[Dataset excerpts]
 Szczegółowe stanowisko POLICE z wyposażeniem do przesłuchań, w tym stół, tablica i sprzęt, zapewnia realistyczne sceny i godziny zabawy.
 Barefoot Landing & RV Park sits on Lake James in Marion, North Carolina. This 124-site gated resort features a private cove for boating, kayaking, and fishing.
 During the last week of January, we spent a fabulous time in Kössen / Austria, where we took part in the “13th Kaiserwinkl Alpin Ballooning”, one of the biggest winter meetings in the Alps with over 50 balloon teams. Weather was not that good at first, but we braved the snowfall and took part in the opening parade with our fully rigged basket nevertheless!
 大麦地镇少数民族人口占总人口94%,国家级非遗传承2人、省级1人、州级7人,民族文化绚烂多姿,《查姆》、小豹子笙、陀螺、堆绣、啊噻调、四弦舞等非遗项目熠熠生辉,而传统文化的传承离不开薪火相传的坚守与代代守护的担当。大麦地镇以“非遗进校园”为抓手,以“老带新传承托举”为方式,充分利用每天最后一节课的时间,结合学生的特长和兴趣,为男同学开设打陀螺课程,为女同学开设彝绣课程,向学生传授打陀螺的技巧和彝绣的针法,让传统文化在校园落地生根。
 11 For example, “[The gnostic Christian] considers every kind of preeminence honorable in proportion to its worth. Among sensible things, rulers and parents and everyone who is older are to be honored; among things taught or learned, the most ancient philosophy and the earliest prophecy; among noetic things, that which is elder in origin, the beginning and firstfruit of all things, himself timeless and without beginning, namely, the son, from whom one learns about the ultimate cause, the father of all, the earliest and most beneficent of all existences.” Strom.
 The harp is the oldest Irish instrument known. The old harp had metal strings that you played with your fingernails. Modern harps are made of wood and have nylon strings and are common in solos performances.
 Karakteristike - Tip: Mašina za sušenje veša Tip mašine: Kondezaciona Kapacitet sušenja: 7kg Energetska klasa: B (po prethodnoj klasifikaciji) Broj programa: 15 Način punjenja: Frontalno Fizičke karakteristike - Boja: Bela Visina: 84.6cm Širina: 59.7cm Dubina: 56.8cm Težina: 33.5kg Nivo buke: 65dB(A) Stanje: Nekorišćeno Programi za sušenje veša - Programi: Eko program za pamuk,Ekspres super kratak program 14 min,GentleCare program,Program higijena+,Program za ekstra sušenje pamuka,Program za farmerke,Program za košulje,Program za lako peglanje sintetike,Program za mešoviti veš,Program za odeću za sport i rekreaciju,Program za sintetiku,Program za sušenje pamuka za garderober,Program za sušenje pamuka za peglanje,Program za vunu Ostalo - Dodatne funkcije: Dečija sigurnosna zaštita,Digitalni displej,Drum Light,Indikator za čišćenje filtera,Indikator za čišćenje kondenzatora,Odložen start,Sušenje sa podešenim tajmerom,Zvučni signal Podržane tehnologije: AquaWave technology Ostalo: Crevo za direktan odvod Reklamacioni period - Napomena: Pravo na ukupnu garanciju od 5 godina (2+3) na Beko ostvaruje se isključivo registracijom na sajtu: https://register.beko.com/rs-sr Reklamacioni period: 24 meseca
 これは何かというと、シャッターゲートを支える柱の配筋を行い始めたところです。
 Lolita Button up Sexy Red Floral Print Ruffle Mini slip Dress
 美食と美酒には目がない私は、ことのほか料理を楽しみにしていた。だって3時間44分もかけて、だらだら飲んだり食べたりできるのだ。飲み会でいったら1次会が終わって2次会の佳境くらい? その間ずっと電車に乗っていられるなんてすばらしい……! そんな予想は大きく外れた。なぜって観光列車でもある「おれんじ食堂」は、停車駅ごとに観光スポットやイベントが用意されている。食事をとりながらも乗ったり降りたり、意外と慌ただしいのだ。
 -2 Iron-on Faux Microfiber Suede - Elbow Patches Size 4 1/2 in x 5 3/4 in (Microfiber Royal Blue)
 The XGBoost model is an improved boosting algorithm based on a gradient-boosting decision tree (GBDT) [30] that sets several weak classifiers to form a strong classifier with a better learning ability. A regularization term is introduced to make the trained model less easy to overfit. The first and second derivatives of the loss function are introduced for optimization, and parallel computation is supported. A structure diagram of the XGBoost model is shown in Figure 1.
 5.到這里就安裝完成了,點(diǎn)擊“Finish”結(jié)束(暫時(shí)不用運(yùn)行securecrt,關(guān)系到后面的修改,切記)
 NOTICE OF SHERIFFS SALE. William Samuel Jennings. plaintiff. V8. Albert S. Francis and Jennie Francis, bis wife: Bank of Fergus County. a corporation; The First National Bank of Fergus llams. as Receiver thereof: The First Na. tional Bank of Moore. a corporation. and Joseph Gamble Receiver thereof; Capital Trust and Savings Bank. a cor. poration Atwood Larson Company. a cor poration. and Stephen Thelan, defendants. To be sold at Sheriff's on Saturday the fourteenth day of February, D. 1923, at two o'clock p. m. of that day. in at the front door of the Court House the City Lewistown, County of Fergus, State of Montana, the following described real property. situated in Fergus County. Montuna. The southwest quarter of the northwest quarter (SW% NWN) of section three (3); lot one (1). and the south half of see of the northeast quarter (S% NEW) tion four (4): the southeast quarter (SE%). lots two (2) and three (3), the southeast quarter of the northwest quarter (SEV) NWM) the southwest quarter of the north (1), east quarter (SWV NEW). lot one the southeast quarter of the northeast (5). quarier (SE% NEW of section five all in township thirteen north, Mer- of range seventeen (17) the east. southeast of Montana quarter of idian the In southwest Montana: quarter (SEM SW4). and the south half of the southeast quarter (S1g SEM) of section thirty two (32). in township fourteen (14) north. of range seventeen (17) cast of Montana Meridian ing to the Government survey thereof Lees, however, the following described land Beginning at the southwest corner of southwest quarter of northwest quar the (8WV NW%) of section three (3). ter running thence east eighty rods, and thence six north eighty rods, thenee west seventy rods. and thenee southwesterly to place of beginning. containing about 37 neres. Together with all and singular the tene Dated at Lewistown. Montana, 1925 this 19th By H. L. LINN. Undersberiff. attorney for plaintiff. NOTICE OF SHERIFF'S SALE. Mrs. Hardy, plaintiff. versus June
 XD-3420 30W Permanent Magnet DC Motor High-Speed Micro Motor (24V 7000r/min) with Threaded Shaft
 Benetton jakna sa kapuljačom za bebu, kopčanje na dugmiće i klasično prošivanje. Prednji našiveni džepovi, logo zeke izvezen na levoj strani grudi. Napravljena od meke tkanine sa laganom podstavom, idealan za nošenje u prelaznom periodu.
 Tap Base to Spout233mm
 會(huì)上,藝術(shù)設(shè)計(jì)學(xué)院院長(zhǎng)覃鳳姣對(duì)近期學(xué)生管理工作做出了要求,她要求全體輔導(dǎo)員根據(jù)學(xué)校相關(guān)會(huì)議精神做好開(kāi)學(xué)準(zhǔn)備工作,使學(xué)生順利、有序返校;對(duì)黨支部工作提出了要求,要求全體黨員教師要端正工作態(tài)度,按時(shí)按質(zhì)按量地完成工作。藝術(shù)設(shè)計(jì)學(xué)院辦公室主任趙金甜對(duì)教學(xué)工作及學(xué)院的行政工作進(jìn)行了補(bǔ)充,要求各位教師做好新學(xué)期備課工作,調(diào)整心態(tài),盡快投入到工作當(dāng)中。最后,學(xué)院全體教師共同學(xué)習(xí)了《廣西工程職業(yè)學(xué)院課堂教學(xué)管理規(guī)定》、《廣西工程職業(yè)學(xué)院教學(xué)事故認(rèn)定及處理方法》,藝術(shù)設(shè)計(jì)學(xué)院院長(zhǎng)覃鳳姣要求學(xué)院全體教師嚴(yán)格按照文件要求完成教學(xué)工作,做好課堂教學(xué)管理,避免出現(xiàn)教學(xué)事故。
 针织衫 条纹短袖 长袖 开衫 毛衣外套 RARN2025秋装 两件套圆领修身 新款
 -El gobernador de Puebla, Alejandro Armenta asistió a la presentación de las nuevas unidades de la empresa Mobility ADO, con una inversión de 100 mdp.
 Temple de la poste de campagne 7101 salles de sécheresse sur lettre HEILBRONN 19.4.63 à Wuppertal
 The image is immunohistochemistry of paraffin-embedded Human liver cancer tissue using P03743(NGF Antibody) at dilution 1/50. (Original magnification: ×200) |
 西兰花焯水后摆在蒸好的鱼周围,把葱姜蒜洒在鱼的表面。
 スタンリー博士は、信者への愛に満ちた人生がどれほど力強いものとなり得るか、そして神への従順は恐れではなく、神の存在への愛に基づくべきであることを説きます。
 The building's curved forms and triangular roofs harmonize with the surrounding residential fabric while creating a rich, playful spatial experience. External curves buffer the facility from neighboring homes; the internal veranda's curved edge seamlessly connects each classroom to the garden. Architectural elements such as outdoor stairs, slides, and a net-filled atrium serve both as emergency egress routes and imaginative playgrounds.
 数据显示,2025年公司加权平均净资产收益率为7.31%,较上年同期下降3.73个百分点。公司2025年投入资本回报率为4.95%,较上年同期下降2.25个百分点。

→ **PROBLEM REQUIREMENTS**: All that is wanted is an exact copy of the lines above from the one with "针织衫 条纹短袖 长袖 开衫 毛衣外套 RARN2025秋装 两件套圆领修身 新款" through the one with "スタンリー博士は、信者への愛", with both ends included.

→ **WRITTEN ANSWER**:
 针织衫 条纹短袖 长袖 开衫 毛衣外套 RARN2025秋装 两件套圆领修身 新款
 -El gobernador de Puebla, Alejandro Armenta asistió a la presentación de las nuevas unidades de la empresa Mobility ADO, con una inversión de 100 mdp.
 Temple de la poste de campagne 7101 salles de sécheresse sur lettre HEILBRONN 19.4.63 à Wuppertal
 The image is immunohistochemistry of paraffin-embedded Human liver cancer tissue using P03743(NGF Antibody) at dilution 1/50. (Original magnification: ×200) |
 西兰花焯水后摆在蒸好的鱼周围,把葱姜蒜洒在鱼的表面。
 スタンリー博士は、信者への愛に満ちた人生がどれほど力強いものとなり得るか、そして神への従順は恐れではなく、神の存在への愛に基づくべきであることを説きます。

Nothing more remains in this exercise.